右京医師会と懇談会  PDF

右京医師会と懇談会

5月25日 右京医師会館

混沌とする「新専門医制度」巡り意見交換

 2015年度地区医師会との懇談会は、5月25日の右京医師会との懇談をもって予定を終了しました。15年7月から開始し、19地区医師会と懇談。その中でいただいた協会の活動に対する多くのご意見は、今後の活動に生かしていきたいと存じます。

 

 協会は、右京医師会との懇談会を5月25日に右京医師会館で開催した。出席は、地区5人、協会5人。懇談は、右京医師会の福州修会長の司会で進行した。

 冒頭、福州会長は、点数改定や新専門医制度についての協会の見解を聞きたいとあいさつ。

 これを受けて、垣田理事長が医療・介護一体改革以降、医療の在り方が変えられようとしている。その中で、医師養成問題が大きな位置を占めるようになってきた。10月の保団連医療研究フォーラムでもこの問題について話し合いたいので、ぜひ参加していただきたいとあいさつした。
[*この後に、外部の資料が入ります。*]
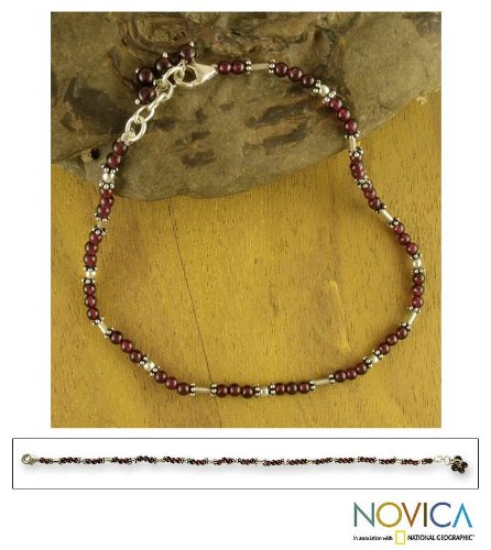 -. Binding : Jewelry -. Brand : NOVICA -. Department : womens -. EAN : 0808773211537 -. Feature : An original NOVICA fair trade product in association with National Geographic. / Includes an official NOVICA Story Card certifying quality & authenticity. / NOVICA works with Narayani to craft this item. / Includes an original NOVICA jewelry pouch to keep for yourself or give as a gift. / 9.5 in. min L - x 9.75 in. max L x 0.2 in. W -. Label : NOVICA -. Manufacturer : NOVICA -. MPN : 175565 -. PackageQuantity : 1 -. PartNumber : 175565 -. ProductGroup : Jewelry -. ProductTypeName : FINENECKLACEBRACELETANKLET -. Publisher : NOVICA -. Studio : NOVICA -. Title : NOVICA Garnet .925 Sterling Silver Beaded Anklet, 9.5" 'Crimson Trios' -. UPC : 808773211537

 続いて、協会からの情報提供の後、自由討議に入った。地区から「新専門医制度」は、延期論も出てはいるが、実現性はあるのかとの意見に対して、協会は「新専門医制度」を巡る情勢は混沌としており、今後が見通せない。より根本的な問題も議論されていない。「新専門医制度」は、全員がいずれかの領域別専門医になることを前提にしているが、本当にそれは正しいのか。その点も議論が必要であると述べた。

 これに対して地区からは、「新専門医制度」の議論をみて、専門医そのものが必要ないという人も増えてきている。これでは本末転倒だろう。協会は、厚労省は少なくとも「新専門医制度」と標榜制度を結びつける意向であり、診療報酬も含め、専門医と非専門医の格差も生み出されていくだろうと分析した。

 さらに、地区からの専門医の更新に一定の症例数が要件になれば開業医では更新できない人も出るという意見に対し、協会はそうした声を受けて、各領域では更新ハードルを下げてきている。また、総合診療専門医が養成されるものの、今の地域の開業医がGPやかかりつけ医という形で位置づけられないと、国の考えている提供体制には到底ならない。都道府県の役割の強化については、地域医療構想策定にあたっても、都道府県での病床数の調整が求められている。京都府は厚労省の言いなりではない立場で動いているが、引き続きそのようにやってもらう必要があると述べた。

 また、地区の現状と地域包括ケアでは、地区から国は地域での看取り推進や在宅医療推進を訴えている。現在、右京区人口が約22万人、うち高齢者が約5万人で看取りや訪問診療ニーズは増え続けているが、在宅医療をがんばっている医師は20人に満たない。それで本当に対応できるのか疑問である。必要な医師数データは出されているのかと質された。これに対して、協会は対1万人に1人の総合診療専門医をとの話が出たことがある。国は極めてシビアに考えている。厚労省がかかわって策定される地域包括ケアの言葉は美しいが、研究会報告書は独りで死ぬことも覚悟せよ、とさえ書いている。看護師の看取りによる死亡報告を受けて診断書を発行できるようにしようと国は考えているようだと返答した。

 その他、医療事故調査制度、マイナンバーと医療ID構想等について意見交換を行った。